The recipient mice for spermatogonial transplantation were 129/SvEv x B6 F1 hybrids. These mice were treated with an i.p.-injection of busulfan at 50 mg/kg body weight at 4 weeks of age and served as recipients of transplantation 7 to 8 weeks later.³⁷ Cultured mouse spermatogonia were harvested by trypsinization and a single-cell suspension was made at ~10⁶ cells/mL. These cells were injected into the seminiferous tubules of recipients through efferent ducts using micropipettes.^37,38 Two months after transplantation, recipient testes were recovered and stained with X-gal to count the number of colonies derived from donor spermatogonia. The colony number indicates the number of SSCs successfully engrafted after transplantation. The count data was normalized as “per culture well” for fair comparisons across the treatment groups.³⁹

Isolation of human spermatogonia and culture

To investigate the effects of Ephrin-A1 on human spermatogonial cells in vitro, culture of spermatogonial cells was performed as previously described.⁴⁰ Briefly, cryopreserved human testicular tissues from four adult donors (21, 24, 32, and 48 years old, respectively) were thawed quickly in a 37°C water bath and washed in Hank’s Balanced Salt Solution (HBSS) (24020-117, Gibco). Tissues were then digested sequentially with 2 mg/ml Collagenase IV (LS004188, Worthington Biochemical), 0.25% Trypsin-EDTA (25200114, Thermo Fisher), and 3.5 mg/ml DNase I (LS002147, Worthington Biochemical) in HBSS at 37°C. The cell suspension obtained was filtered through a 40 μm cell strainer (08-771-1, Thermo Fisher), and dead cells were removed through magnetic activated cell sorting (MACS) using the Dead Cell Removal Kit (130-090-101, Milteny Biotec). MACS-sorted live cells were stained with PE rat anti-human CD49f/ITGA6 (10 μL/10⁶ cells, 555736, BD Biosciences) in 1X DPBS (14200-075, Gibco) supplemented with 1% FBS (10082-147, Gibco), then incubated in DPBS containing anti-PE MicroBeads (2 μL/10⁶ cells, 130-048-801, Milteny Biotec). The ITGA6+ fraction was collected in StemPro-34TM SFM media (10639011, Thermo Fisher) supplemented with GDNF (450-010, Peprotech) at 20 ng/mL and bFGF (13256-029, Thermo Fisher) at 1 ng/mL. Cells were then seeded on human collagen I-coated 6-well plates (1 μg/cm²; 08-774-550, Corning) to remove adherent somatic cells. After 24 h at 37°C, floating cells were removed and re-plated on fresh collagen I-coated wells for additional 24 h. In the following day, the remaining floating cells were collected for cell culture.

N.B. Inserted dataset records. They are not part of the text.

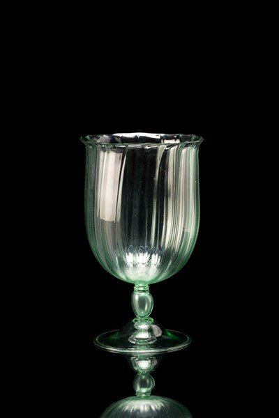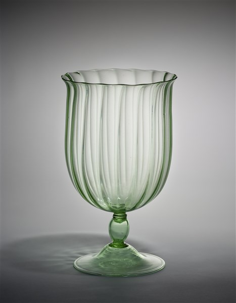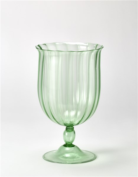 Vaso a calice con corpo costolato, gambo a balaustro e piede a campana applicati a caldo. Esecuzione Venini, Murano, 1925-26. Vetro soffiato verdino trasparente. Corrispondente al disegno di fornace 3085. (h cm 29; d cm 17,5)
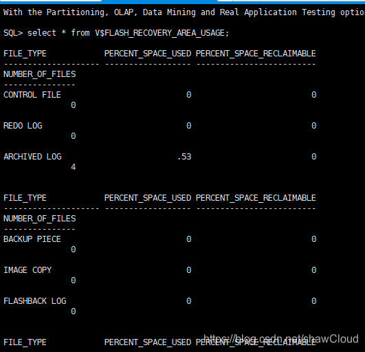 select * from V$FLASH_RECOVERY_AREA_USAGE;
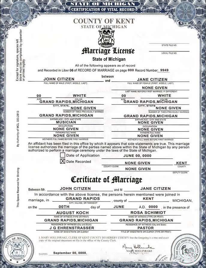 USA state Michigan Kent County marriage certificate template in PSD format, fully editable, version 2 download template file
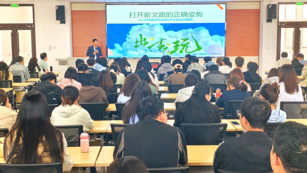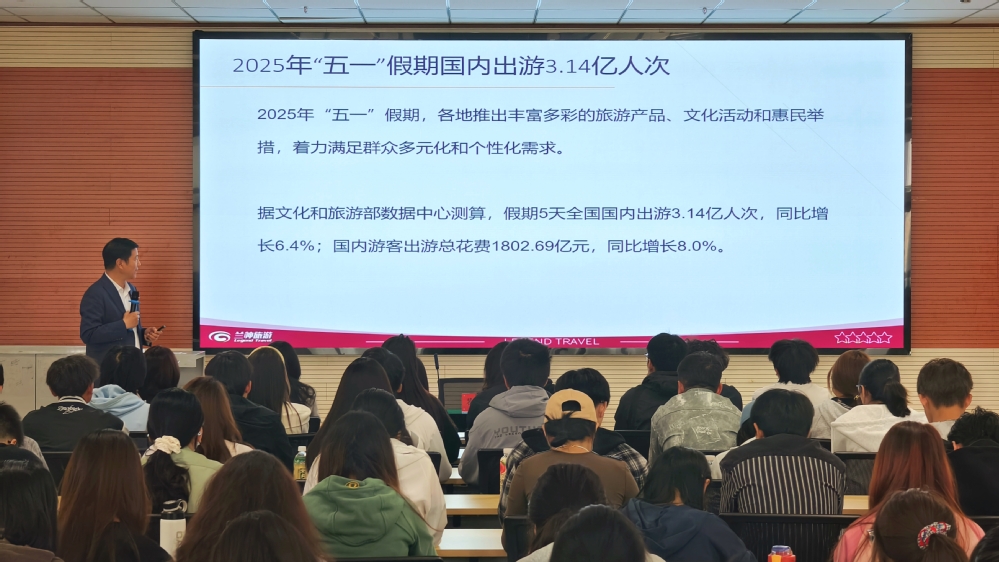 讲座中,裴建宏总经理立足全球旅游业发展动态,结合兰神国际旅行社的实战经验,深度剖析了后疫情时代旅游行业的转型方向。他指出,“新旅游”的核心在于“体验重构与技术赋能”,并从需求升级、技术驱动和责任旅游三大维度展开分享。裴建宏通过大量真实案例,揭示了旅行社运营中的风险管理、客户服务创新及跨界资源整合策略。他特别提到兰神旅行社与高校合作的“行者听计划”,鼓励学生通过项目实战积累经验:“旅游业的未来属于敢于打破边界的人,从元宇宙文旅到银发康养游,处处都是新赛道。”

To culture human spermatogonia, human testis-derived extracellular matrix (htECM) was neutralized to pH 7.6 using 0.1 N NaOH and diluted in 1X DPBS for coating 24-well plates at a final concentration of 300 μg/mL for 2 h at room temperature. At the time of seeding ITGA6+ MACS-sorted cells, wells containing residual htECM were washed with HBSS and the cells were plated at a concentration of 2.5–5×10⁴ cells/cm² in three different GDNF/bFGF supplemented StemPro-34TM SFM media with: 0 ng/mL, 3 ng/mL, and 6 ng/mL of recombinant human Ephrin-A1 (EFNA1, 6417-A1, R&D Systems). The concentration of EFNA1 used in this study was determined according to manufacturer’s instructions that approximately 0.6–3 ng/mL produces 50% of the optimal binding response measured by ELISA. Fresh medium was added into culture wells every 3–4 days and cells were collected at day 0, and day 7 after trypsinization (0.05% Trypsin EDTA, 25300120, Gibco).

Multiparameter FACS

To evaluate the presence of undifferentiated (GFRa1⁺) and differentiated (Kit⁺) spermatogonia through FACS, we followed the method previously reported by Murdock et al.⁴⁰ In short, cultured human spermatogonia were washed with azide-free and serum-free 1X DPBS (DPBS-S, 14200-075, Gibco) and incubated with the viability dye Ghost Dye Red 780 (13-0865-T100, Tonbo Biosciences) according to the manufacturer’s instructions. Cells were washed and incubated in 1X DPBS (DPBS-S, 14200-075, Gibco) containing 1% FBS (10082-147, Gibco), goat anti-GFRa1 antibody (5μL/10⁶ cells; AF714, R&D Systems) and APC mouse anti-human CD117/KIT antibody (5μL/10⁶ cells, 550412, BD Biosciences) for 25 min on ice. Cells were then washed and incubated with fluorescent secondary antibodies. After washing, cells were fixed in 4% PFA for 15 min at room temperature and washed in 1:1 Perm/Wash buffer (554723, BD Biosciences). After being washed and filtered through 40 mm strainers (08-771-1, Thermo Fisher), samples were analyzed using the BD FACSAria II flow cytometer. Unstained cells were used as the negative control. Compensation controls were prepared using UltraComp eBeadsTM (01-2222-42, ThermoFisher) incubated with isotype antibody controls for each fluorophore according to manufacturer instructions.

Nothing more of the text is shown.